Question

11- On January 1, 2018, Clark Co. borrowed cash from the bank by receiving a $100,000...

11- On January 1, 2018, Clark Co. borrowed cash from the bank by receiving a $100,000 3-yr loan that carried interest rate. The note is to be repaid by making annual cash payments of $38,105 which includes both principal and intrrest.

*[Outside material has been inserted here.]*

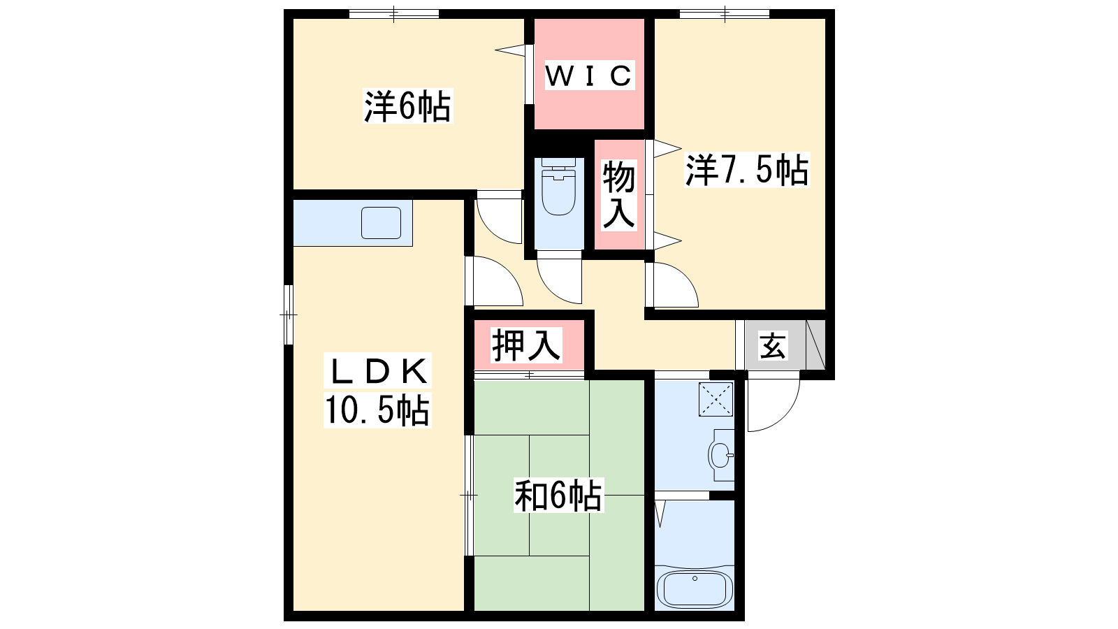 - LDK10.5帖、洋室7.5帖、洋室6帖、和室6帖
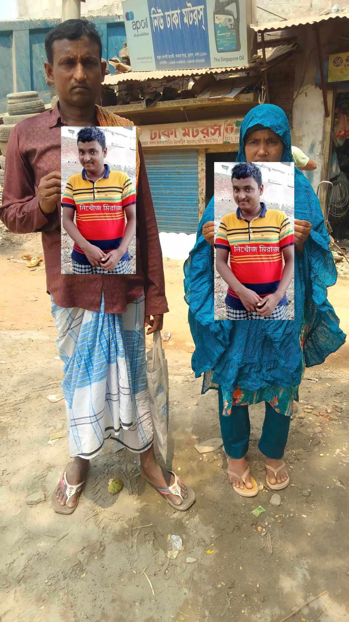 বুদ্ধি প্রতিবন্ধী ছেলেটির নাম মিরাজ, বয়স ২০ বছর । সে ২০২৩ইং সালের জুলাই মাসের ৬ তারিখ রাতে রাজধানীর তুরাগ থানার ধউর এলাকা থেকে নিখোঁজ হন । নিখোঁজ হওয়ার পর থেকেই তাকে খুঁজে পেতে দেশের বিভিন্ন জেলায় হন্য হয়ে ঘুরতেছেন তার বাবা দিনমজুর কালাম শেখ ও মা মিনা বেগম । ২৫শে এপ্রিল ২০২৪ইং তারিখ দুপুর ২টার দিকে ছেলের ছবি হাতে করে এই দম্পতিকে কান্নাকাটি করতে দেখা যায় ডিয়াবাড়ি এলাকায় । আর সেখানেই তাদের সাথে কথা হয় প্রতিবেদকের ।

The payments are to be made on December 31 of each year.

a) Prepare an amortization schedule for the term of the lone.

Date Balance beginning of Period Cash Applied to Interest Applied to Principal Balance of Period
2018
2019
2020

b) What amount of interest expense will be showen on the 2018 incom statement?

c) What will be the balance of the note payable (principal) due at the beginning of the period for December 31, 2020 (right before the final payment is made)?


12- Bond Premium and Discount: READ CAREFULLY

a) William, Inc. issued $500,000 of 10 years, 4% bonds at 102.
The cash proceed from the bond issue are ___________________.

b) Dean, Inc. issued $350,000 of 6 years, 5% bonds at 97.
The cash proceeds from the bond issue are ________________.

c) Daniel, Inc. issued $125,000 of 20 year, 6% bonds at 98.
The amount of the bond premium is _________________.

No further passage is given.